▸ Data section:
____________________
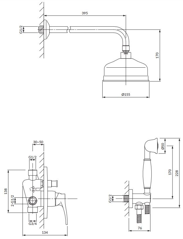- podomietková sprchová a vaňová batéria (AD5135ORB)) - veľkosť rozety: ø17 cm, dva vstupy (pre horúcu a studenú vodu): 1/2", dva výstupy zmiešanej vody: 1/2" a 3/4"
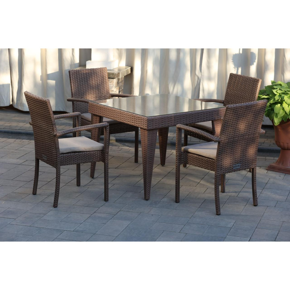 Елегантний садовий комплект меблів Класік Мідл чудово підійде для невеликої компанії. У комплект входить 4 зручні крісла з підлокітниками та стіл. Стіл зверху покритий склом на фіксаторах. Штучний ротанг, з якого виготовлено комплект, стійкий до УФ променів, різких перепадів температур та зміни вологості, не деформується при використанні. Основа меблів - металевий каркас. Для ще більшого комфорту в комплект додаються подушки.
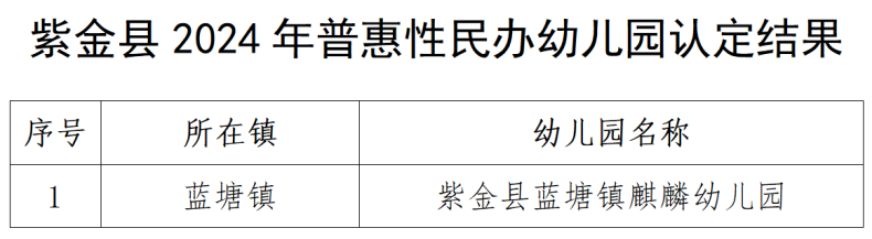 为进一步扩大我县普惠性学前教育资源供给,积极扶持民办幼儿园提供普惠性服务,根据《B体育普惠性民办幼儿园认定、扶持和管理工作细则的通知》(紫教〔2022〕279号)和《关于开展2024年普惠性民办幼儿园申报认定工作的通知》(紫教字〔2024〕208号)要求,经民办幼儿园自主申报、所在镇中心小学初审、县教育局评估小组现场审查、局党组(班子)会议研究,认定B体育蓝塘镇麒麟幼儿园为普惠性民办幼儿园。现予以公示,公示时间为12月11日至15日。
____________________
▸ Action item: Exclude every picture and restate the listing word for word.

▸ Output of the exercise:
- podomietková sprchová a vaňová batéria (AD5135ORB)) - veľkosť rozety: ø17 cm, dva vstupy (pre horúcu a studenú vodu): 1/2", dva výstupy zmiešanej vody: 1/2" a 3/4"
 Елегантний садовий комплект меблів Класік Мідл чудово підійде для невеликої компанії. У комплект входить 4 зручні крісла з підлокітниками та стіл. Стіл зверху покритий склом на фіксаторах. Штучний ротанг, з якого виготовлено комплект, стійкий до УФ променів, різких перепадів температур та зміни вологості, не деформується при використанні. Основа меблів - металевий каркас. Для ще більшого комфорту в комплект додаються подушки.
 为进一步扩大我县普惠性学前教育资源供给,积极扶持民办幼儿园提供普惠性服务,根据《B体育普惠性民办幼儿园认定、扶持和管理工作细则的通知》(紫教〔2022〕279号)和《关于开展2024年普惠性民办幼儿园申报认定工作的通知》(紫教字〔2024〕208号)要求,经民办幼儿园自主申报、所在镇中心小学初审、县教育局评估小组现场审查、局党组(班子)会议研究,认定B体育蓝塘镇麒麟幼儿园为普惠性民办幼儿园。现予以公示,公示时间为12月11日至15日。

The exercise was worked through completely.